Мне запомнился быстрый, внимательный взгляд пронзительно-черных глаз, оттенок суровости в выражении лица, медленно-властный поворот головы… и улыбка.

— Вы работали в шахте? — почему-то спросил он меня. — Ну, если работали — отлично! Важно знать шахту не по справочникам и не по-туристски, — важно знать ее ладонями рук. Вот и Павел Беспощадный работал в шахте, и по его стихам это чувствуется. Вообще, для писателя очень важно знать какую-либо профессию досконально. Чехову не мешала медицина. Вересаеву тоже не мешает. Алексей Толстой — инженер. Подобных примеров множество. А уж если ты живешь в Донбассе и пишешь о шахтерах, — изволь, братец, знать особенности их труда и быта до мельчайших подробностей.

Кто-то остановился рядом со мной, осторожно положил мне на плечо руку. Я не оглянулся, уверенный, что это Павел Беспощадный; иногда он так мягко-вежливо подходил. Но голос, лишь отдаленно знакомый, произнес:

— И еще лучше, если писатель знает несколько профессий. Любая из них — это клад.

Я обернулся: это был Максим Рыльский. Он спросил негромко:

— Поэт?..

— Нет, прозаик. Самый, что ни есть, начинающий.

Рыльский улыбнулся:

— Вы хорошо рекомендуетесь: самый, что ни есть, начинающий. Значит, жизнь — как белая страница: на ней еще нет корректурных помарок.

— Я внимательно слушал Дмитрия Мирского: он говорил, что для Льва Толстого корректура была повторной кульминацией творческой ярости.

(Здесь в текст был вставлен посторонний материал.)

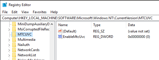 Create a new key under current version called *MTCUVC ***and then create a new DWORD value inside of MTCUVC called EnableMtcUvc. Leave it with a value of 0.
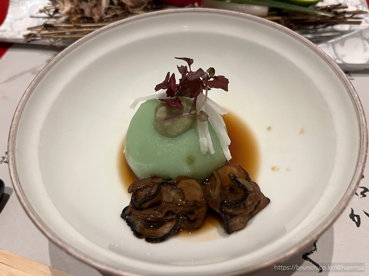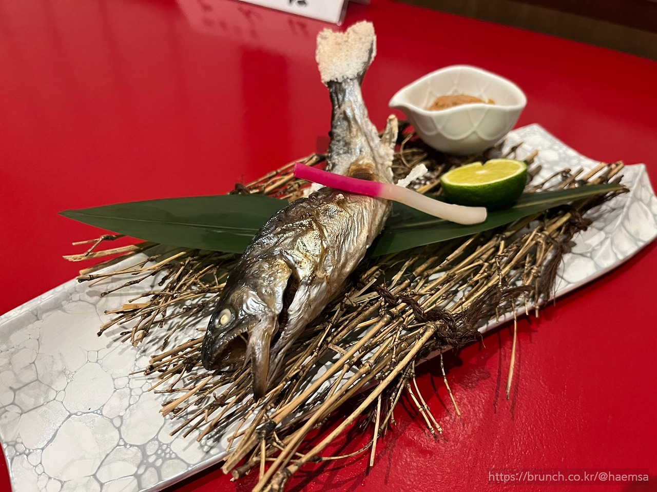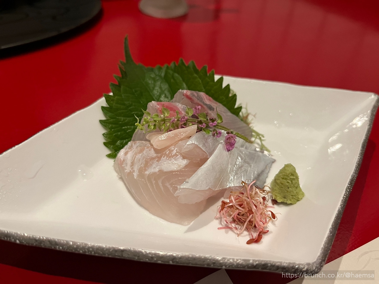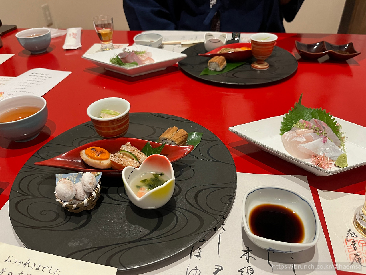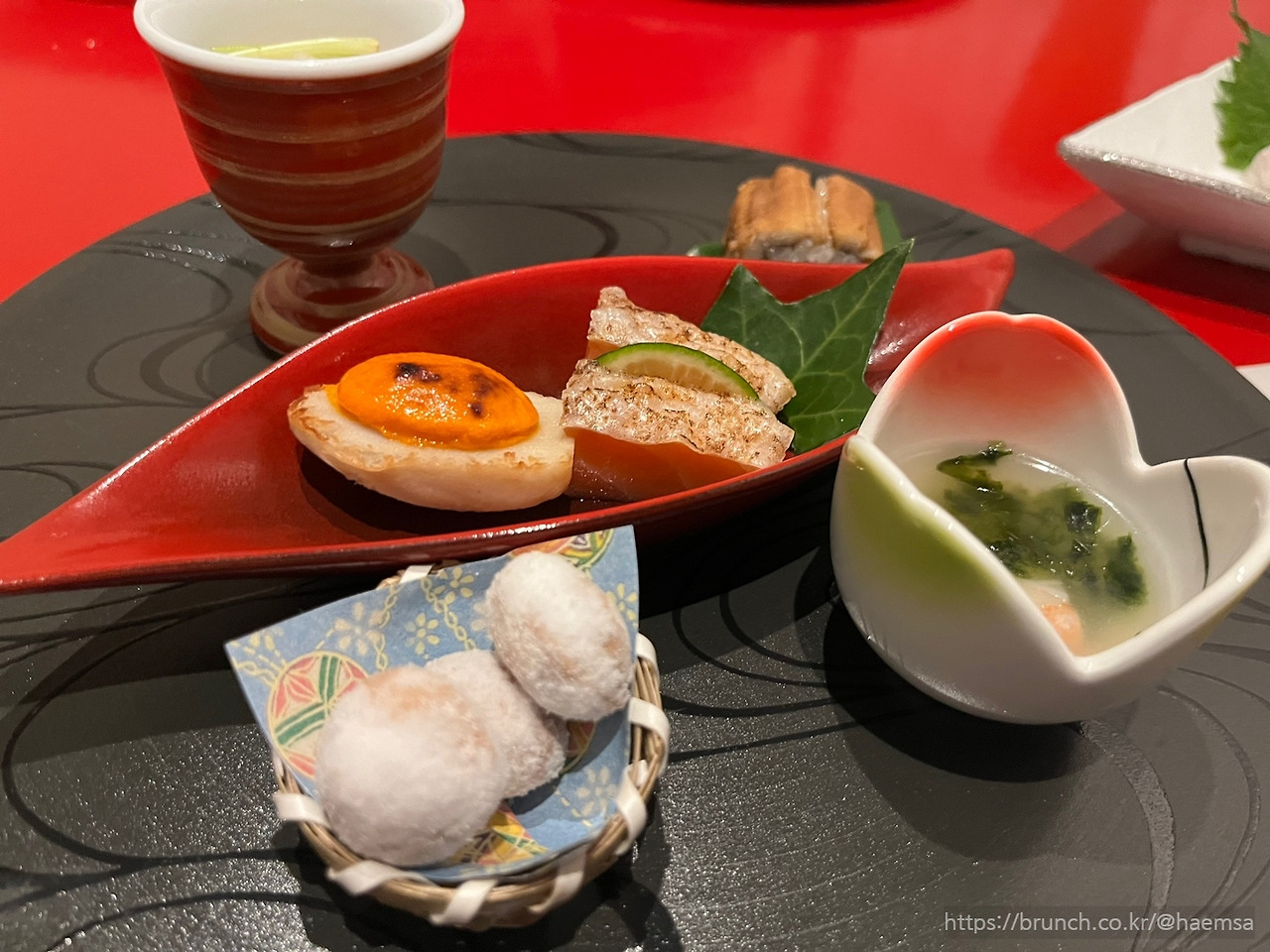 평소에도 다양한 요리를 조금씩 먹어보는 것을 좋아해서 인생 첫 가이세키에 대한 기대가 컸다. 식당에 도착하니 달큰한 식전 살구주부터 시작해 제철 재료를 사용한 전채와 계란찜, 사시미, 은어구이, 와사비 만두, 튀김까지 정갈하게 담긴 음식들이 차례차례 내어졌다. 메뉴 하나하나가 예쁘게 세팅되어 있어 듣던 대로 눈으로도 즐길 수 있는 요리구나, 생각했다.

Рыльский снял руку с моего плеча, достал пачку «Казбека», закурил.

— Есть два понятия: корректура рукописи и корректура жизни. Впрочем, они сливаются. Для человека, который всецело отдан творчеству, его рукопись — это его жизнь.

Я невольно отвлекся от беседы, которую вел с молодыми писателями Донбасса Иван Микитенко. Верный себе, своей юношеской запальчивости, Кость Герасименко спросил: не думается ли товарищу Микитенко, что в его пьесе «Диктатура» характеры персонажей излишне прямолинейны?

Мне показалось, Микитенко обидел этот вопрос: чуточку темнея лицом, он сказал:

— Мы ведем великую борьбу за торжество нового строя. И меня мало интересуют душевные «извивы» и прочие «тонкости» врага.

— Как? — громко удивился Герасименко. — А если «душевные извивы»— это маскировка врага? Но пусть и не маскировка: все же главные события происходят в психологии героев!

Микитенко не успел ответить: широко шагая через зал и жестикулируя, к нам приближался коренастый, очень широкоплечий, в помятом костюме, но с белоснежным воротничком Юрий Олеша.

— Скажите, Максим Фадеевич, — спросил он, заботливо поправляя Рыльскому галстук, — ведь правда нее, я нашел неплохое сравнение. С чем можно сравнить корабельный якорь? Я говорю: с рыжей гориллой, которая вцепилась в борт корабля.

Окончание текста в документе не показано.